2.5.2 Pollen quantity

Pollen was quantified for the first cycle only. After the first cycle, the male buds where pollen was to be collected were removed prematurely as a phytosanitary control measure for banana bacterial wilt, which had become rampant in the experimental trial. Eight to ten anthers were cut from the relatively newly opened bracts (banana floral structures) of each genotype and rated for pollen quantity on a scale of 0 to 4 (0 = no pollen, 1 = very little pollen, 2 = little pollen, 3 = moderate pollen, 4 = abundant pollen like Calcutta 4). Anthers were brushed on the back of the hand, and trained personnel subjectively rated the amount of pollen that dropped out according to the scale.

2.5.3 Weevil damage

Weevil damage was assessed on uprooted corms of harvested and toppled flowered bananas within 10 days after harvest or toppling, respectively. Percentage weevil damage was scored on the periphery and on cross sections at the collar region and 5 cm below the collar region (Gold et al., 2005). Peripheral damage was estimated after paring the outer roots and soil to reveal the weevil galleries created by the larvae. Peripheral damage was expressed as the percentage corm surface damage. Cross-section damage was assessed on two regions of the corm that were cut transversely to reveal weevil galleries. Percentage cross-section damage was estimated by first dividing the corm circumference into four equal quarters (25%). These were further divided into halves or quarters to give the true representation of the damage in that section. Percentage cross-section corm damage was the sum of the damage in the four quarters. The first cross section was made at the collar region, and the percentage weevil galleries of the corm circumference were estimated for the inner and outer cortex. Cross section two was made 5 cm below the collar region, and the percentage weevil damage of the transverse corm circumference was recorded for both the inner and outer cortex. The total cross-section weevil damage (TXD) was the sum of the inner and outer cortex (Figure 1). The total weevil damage (TD) on the corm was computed from Equation 1 below. Weevil damage assessment was done on plants in the first and second cycles. Other major weevil effects, such as mat disappearance and snapping before flowering or harvest, were also monitored.

Figure 1

Figure 1. Different cross sectional corm damage caused by banana weevils after 60 days of infestation.
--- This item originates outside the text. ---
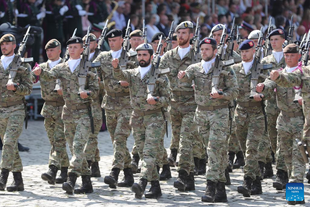 Military personnel march during a military and citizens' parade of Belgian National Day celebrations in Brussels, Belgium, on July 21, 2023. (Xinhua/Zheng Huansong)

$\begin{array}{ll}TD=\frac{PD+TXD}{2}& (1)\end{array}$

where TD is total damage, PD is peripheral damage, and TXD is total cross section damage.

2.6 Data analysis

Statistical analysis was done using IBM SPSS (Williamson, 2021) statistics version 20. Genotype means were compared using one-way analysis of variance (ANOVA). Means were separated using Games–Howell at P<0.05. Correlations between weevil damage in the pot experiment were measured using Spearman’s correlation coefficient. Pearson’s correlation coefficient was computed to assess the relationship between weevil damage in the screen house and field experiments for the genotypes evaluated in both.

3 Results

3.1 Variability of the genotypes for weevil damage parameters

All genotypes expressed highly significant differences (P<0.001) for weevil damage at the periphery, cross section, overall total damage, and larvae recovered in pots, whereas adult weevils were not significant (P<0.14). Mean overall weevil damage (total damage) ranged from 12.7% for Calcutta 4 (resistant check) to 81.8% for Nakitembe (EAHB, susceptible check) in the pot experiment (Table 2). The EAHBs showed the highest weevil damage at both the periphery and cross section, indicating that they were most palatable for weevils. Generally, the periphery of the corm was more damaged than the cross section in both pot and field experiments, indicating that damage progressed from the outer cortex after eggs hatched into the inner cortex. Mean overall weevil damage was significantly lower for all diploids than for the susceptible EAHB control, and comparable to Calcutta 4. This classified all diploids as resistant and EAHB as susceptible.

Table 2

Table 2. Weevil damage indicators of genotypes evaluated under screen house conditions.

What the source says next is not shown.